The NSE considers investors active if they have traded at least once in the past 12 months.

The NSE considers investors active if they have traded at least once in the past 12 months.

Retail participation in the equity markets appears to be reviving after a brief slowdown, with the number of active investors on the National Stock Exchange (NSE) increasing for the second consecutive month in February likely from the market correction amid geopolitical tensions.

Active investors on the exchange rose by 3.56 lakh in February, higher than the 3 lakh increase recorded in January, according to exchange data.

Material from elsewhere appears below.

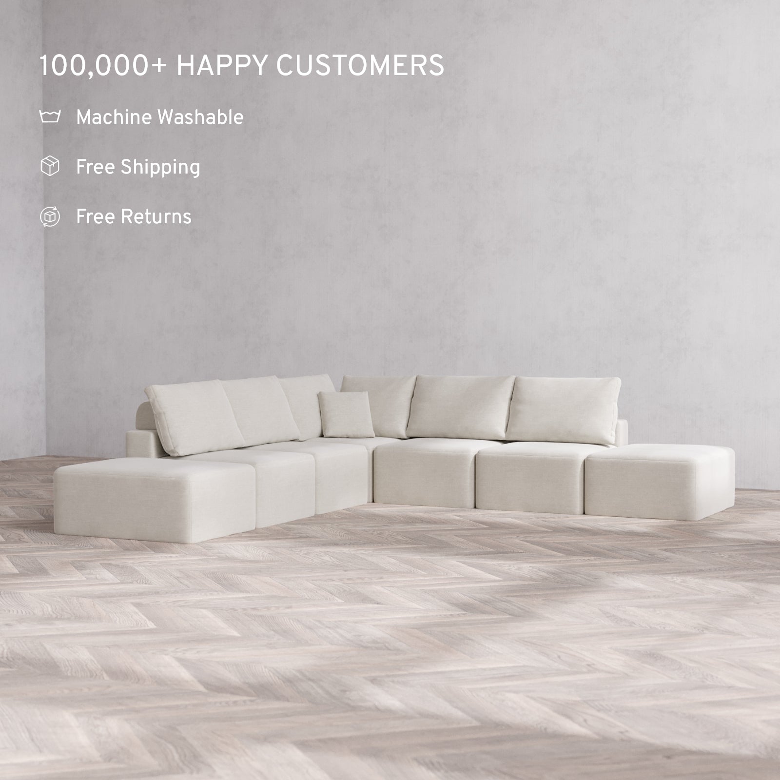 The Only Washable Cloud Sofa: With a waterproof frame and fabrics that resist pets, stains, and spills, this sofa is made to handle everyday messes. Our patent-pending covers are machine washable and fully interchangeable—buy extra sets to change up your look anytime.

The NSE considers investors active if they have traded at least once in the past 12 months.

Market participants say the uptick may partly reflect investors returning during the recent market correction, as well as the longer-term shift in India from traditional savings to market-linked investments.

“The spectacular bull run after the Covid crash attracted lots of investors into the market and the total number of unique investors (PAN based) shot up from around 30 million in April 2020 to around 130 million now. The young generation prefers investing in the market rather than depositing money in bank FDs,” said VK Vijayakumar, Chief Investment Strategist at Geojit Investments Ltd.

“This transition from ‘savers to investors’ appears to be a long-term trend. The equity cult is becoming deeply ingrained in India. This is reflecting in the steady flow of money into SIPs also. It appears that the market correction is encouraging investors to invest more.”

After a moderation last year, retail participation seems to be reviving possibly due to the recent market correction, he added.

Groww surge

A significant portion of the February increase was driven by discount brokerage Groww, which added about 2.66 lakh active clients, accounting for nearly three-fourths of the total additions among discount brokers. The platform had also led additions in January, adding around 3.5 lakh active investors during the month.

Other major brokerages saw relatively modest increases. Zerodha, the country’s largest brokerage by revenue, and Angel One added around 10,000 active investors each in February.

Among full-service brokers, ICICI Securities added 29,830 investors, taking its total active investor base to 20.75 lakh.

Investor drop

Over a longer period, however, some brokerages have seen declines in active investor counts. Zerodha’s active client base has fallen by about 11 lakh over the past year, while Angel One’s active investor base declined by around 10 lakh in 2025.

Meanwhile, Upstox reported a decline of about 27,535 clients, while HDFC Securities saw its active client base fall by around 14,276 in February.

Market participants attribute the moderation in active client growth over the past year to tighter regulatory measures affecting derivatives trading. These include stricter margin requirements, reduced weekly expiries, higher capital thresholds and increased taxation, which have made speculative trading less attractive for retail investors. The recent increase in securities transaction tax (STT) is also expected to discourage futures and options trading.

Despite the slowdown, the broader retail base remained large. The top broking firms collectively added nearly one crore new active investors in 2024, and the declines seen in 2025 represent a relatively small share of their overall client base.

Brokerages such as Motilal Oswal Financial Services, IIFL Capital Services, 5Paisa Capital, Mirae Asset Capital Markets, Choice Equity Broking and PhonePe Wealth Broking also reported declines in active clients.

In contrast, Kotak Securities, SBI Securities, Raise Securities (formerly Moneylicious Securities), Paytm Money, Indstocks and Axis Securities reported increases in active client additions during the month.